(Source data begins)

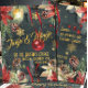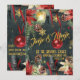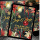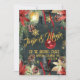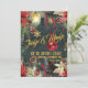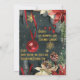 Una invitación festiva, lujosa y elegante para una fiesta de Navidad con un fondo de noche de invierno en un bosque verde oscuro con copos de nieve dorados brillantes, poinsettias pintadas al estilo acuarela, piñas, bayas rojas con una linterna cálidamente iluminada y un adorno de bola roja brillante en una cinta roja que cae en el aire. La parte delantera de la invitación dice: Jingle & Mingle, En casa de los Austin, Sábado 8 de diciembre, 20:00 h, mientras que la parte trasera tiene su dirección y los detalles necesarios para confirmar asistencia.
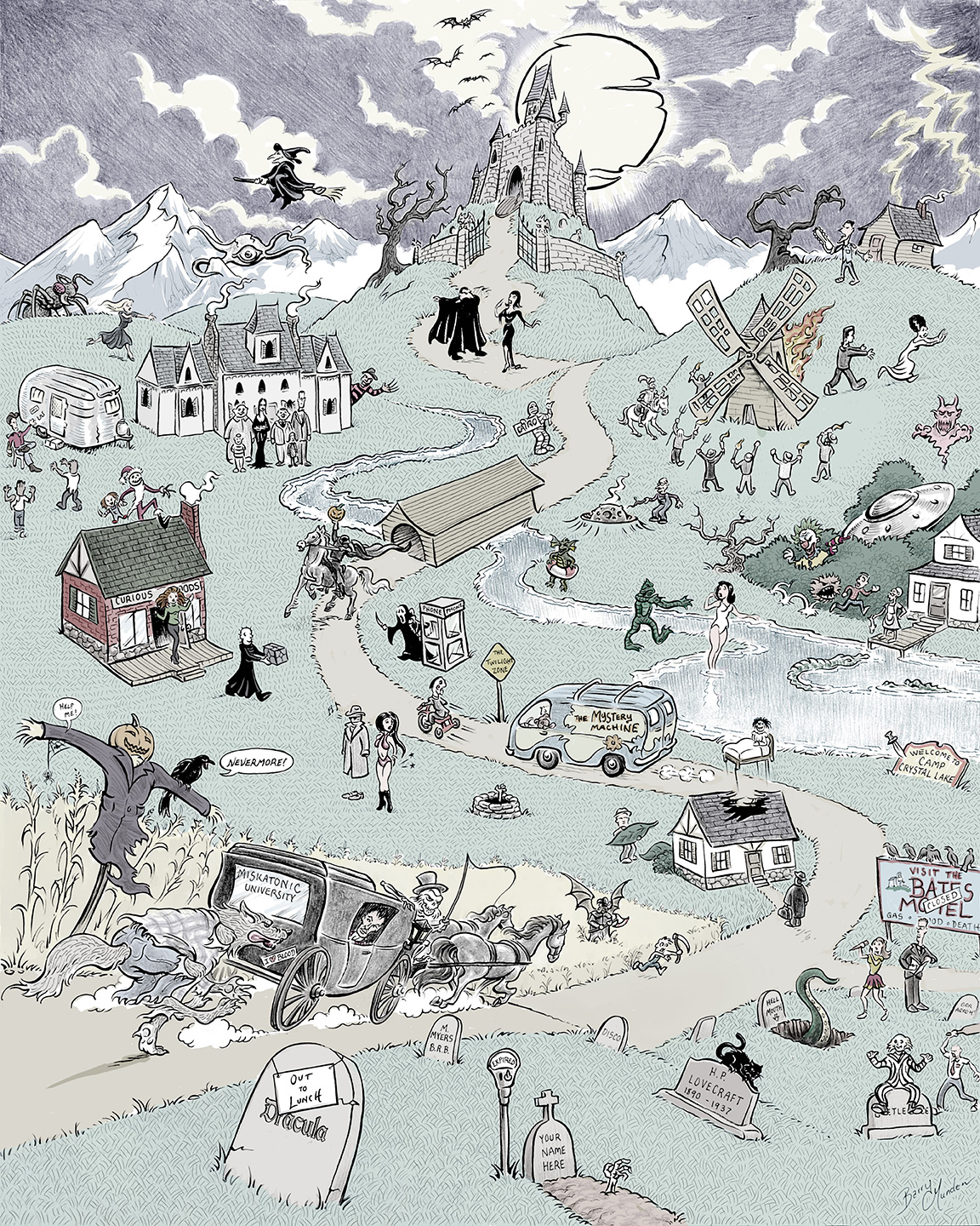 A tribute to the icons of horror. There are nearly fifty references to horror movies and tv shows in this drawing. Can you find them all? Pen and ink and pencil, 16"x20".
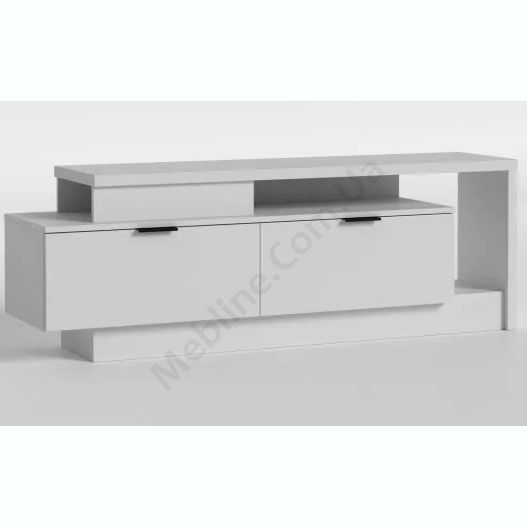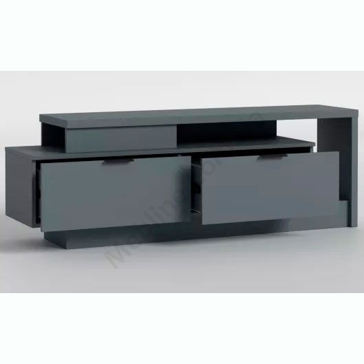 Тумба під телевізор з висувними шухлядами та відкритими секціями.
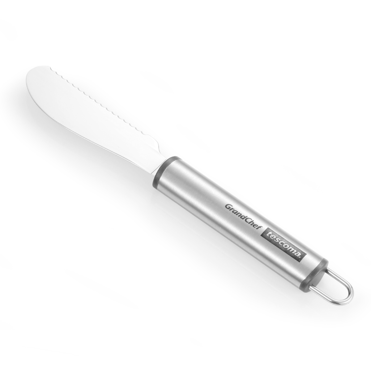Specially shaped blade with serrated cutting edge for easily cutting bread, comfortably gathering and applying butter and for decoratively spreading butter. Made of high-grade stainless steel and resistant plastic. Dishwasher safe. 3-year warranty.
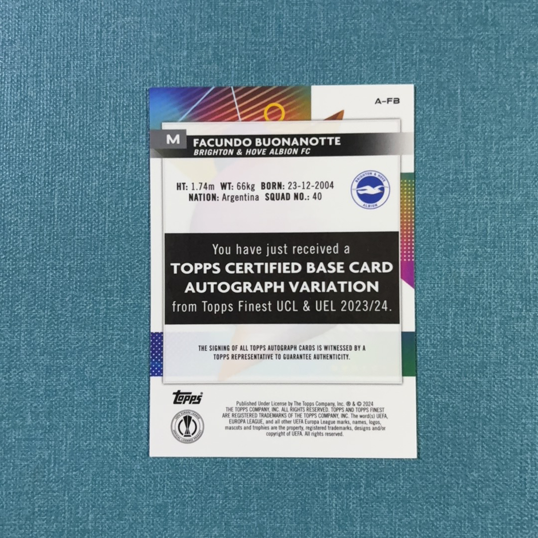2023-24 Topps Finest 欧战 Facundo Buonanotte 博纳诺特 签字 新秀 RC 银折 布莱顿 卡品如图 ZCC1
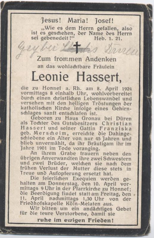 Fräulein; 45 J.; unvermählt, da ihr Bräutigam 1901 †; Beerdigung: Köln-Melaten |

(Source data ends)

What the exercise asks: Only the lines from the one containing "A tribute to" through the end of the records above should be retyped, exactly as they stand, with any pictures left out.

Answer below:
 A tribute to the icons of horror. There are nearly fifty references to horror movies and tv shows in this drawing. Can you find them all? Pen and ink and pencil, 16"x20".
 Тумба під телевізор з висувними шухлядами та відкритими секціями.
Specially shaped blade with serrated cutting edge for easily cutting bread, comfortably gathering and applying butter and for decoratively spreading butter. Made of high-grade stainless steel and resistant plastic. Dishwasher safe. 3-year warranty.
2023-24 Topps Finest 欧战 Facundo Buonanotte 博纳诺特 签字 新秀 RC 银折 布莱顿 卡品如图 ZCC1
 Fräulein; 45 J.; unvermählt, da ihr Bräutigam 1901 †; Beerdigung: Köln-Melaten |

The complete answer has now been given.